Sunday, February 6, 2011

Queer Words

It started off when someone called me queer.  Friends of mine were looking for a poly, queer, female bodied person who could be the other principal organizer for events at a community house and bring knowledge and a sense of additional community.  An honor, really, to be thought of to join their band of shennaniganish amazing people.

But Queer.

What a strange word to have associated with me.  I've never been heterosexually straight, per se.  I experimented like all teenagers would.  I grew up around extremely conservative heteronormative Mormons, but the other side of my family was much more liberal, accepting, and gender and sexual orientation free/fluid/accepting.  I never really heard the word very often growing up - "Gay" was the predominant term used in the region I was raised. 

In my youth, I started out on one end of the spectrum, and as much as I thought girls were pretty, was adamant I was heterosexual.....moving through my teenage years I gradually identified more as heteroflexible.  Since becoming poly I moved from heteroflexible, to bi, to pansexual, which to me really identifies most acurately who I am attracted to - a person.  For who they are.  I couldn't care less if someone wants to be called a he, or a she, zee, them, they. I don't care what's in their pants or under their shirt or what stages of in between it might be.  I've been with men who had probably had the market cornered on testosterone, women who were the super girly of girliest that I ever did see, people who identify as transgendered, and lots of things in between.  I simply love and am attracted to people. I'm in love with their spirit - their soul - the lines on their faces that come from the way they smile and the grace of their bodies in motion.  I like the everything that is them. 

(Oh, and if you're into spoken word - check out this person - I Love <3 Andrea Gibson <3. Their work epitomizes some of the gender position I have.)

I understand the need for words to describe, to communicate, to understand where things are coming from and where they might be going, I'm a writer and was an English major.  The problems with words is they can be misconstrued.  My definition doesn't match yours.  I have years of associations built up that are triggered when my brain identifys the word "queer" or "bi" or "Quazimodo" or "pie".  No one else has lived the life I had and so no one else will be able to see the world the way I do, or see the flowers and hear the laughter when someone says "How does an Owl go?"  - the response in my brain triggers this encounter with my husband in the zoo - and the sound a ghost makes going "OoooOooooo"...or hear the word "Elephant", which is an image of a man lying down on a massive bean bag and a cute friend snorting in laughter.

So there's all these mixed up, mashed up, alternative versions of meanings of everything that ever is.  But people crave to know things and that's the most common ways humans translate information to each other.  Through words.  For fucks sakes, I wish there was a more articulate way to communicate.  I've been innundated with people who aren't very familiar with me recently who want to know how I identify and who I am.

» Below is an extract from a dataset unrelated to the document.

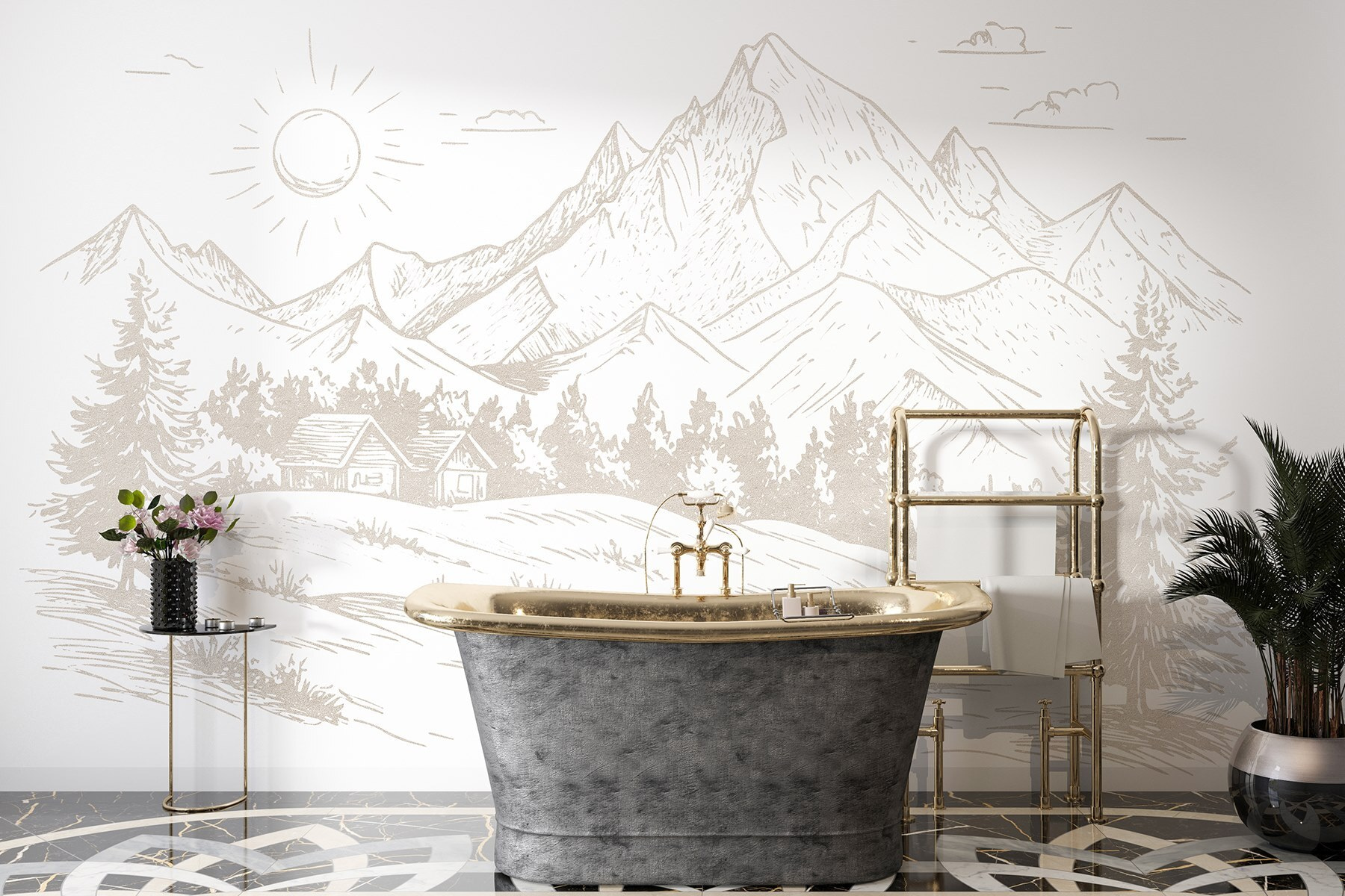 Verwandeln Sie jeden Raum mit dieser bezaubernden Fototapete, die eine heitere Landschaft direkt in Ihr Zuhause bringt. Stellen Sie sich majestätische Berge vor, die von üppigen Bäumen und sanften Hügeln flankiert werden. Es ist wie ein kleiner Urlaub, ohne die Couch zu verlassen! Stellen Sie sich vor, wie Sie Ihren Morgenkaffee schlürfen und dabei diesen Ausblick genießen – selbst die Vögel könnten ein wenig neidisch werden. Außerdem sorgen die weichen Linien und die erdigen Töne für eine gemütliche Atmosphäre. Dieses Wandbild eignet sich perfekt für eine rustikale Hütte oder einen schicken, modernen Raum. Es strahlt Ruhe aus und bringt einen Hauch von Naturschönheit überall hin.

I just want to tell them I identify as Amanda.  Me. Myself. I.  That's it, that's all there is.  That's who I am and how I connect with that.

Unfortunately that doesn't transfer the information and I'm forced to use those labels everyone else has created.  Hi, I'm Amanda.  I'm polyamorous.  I'm pansexual.  My personal gender identity is primarily female but has elements of fluidity to it.  I'm a person and therefore complicated.  I'm the Amandazon that and a little girl too.  And everything exists in this small space squished inside my epidermus, firing synapses that generate thought and emotion and action in microspaces inbetween nerve endings. 

There's just so much that combines to define me, but nothing that you can tag to my lapel and have stick, or be complete enough to set your foundation of me on. There's an illusive and mystical element of being someone, full and complete, that can't be captured with words.  If any thing is queer, it's trying to capture the meaning of a person in simple words.

1 comment:

  1. Thank you for posting those videos. They kind of made my day. The way Andrea Gibson gasps for air is really beautiful and for me emphasized the super delicious "inbetweeness".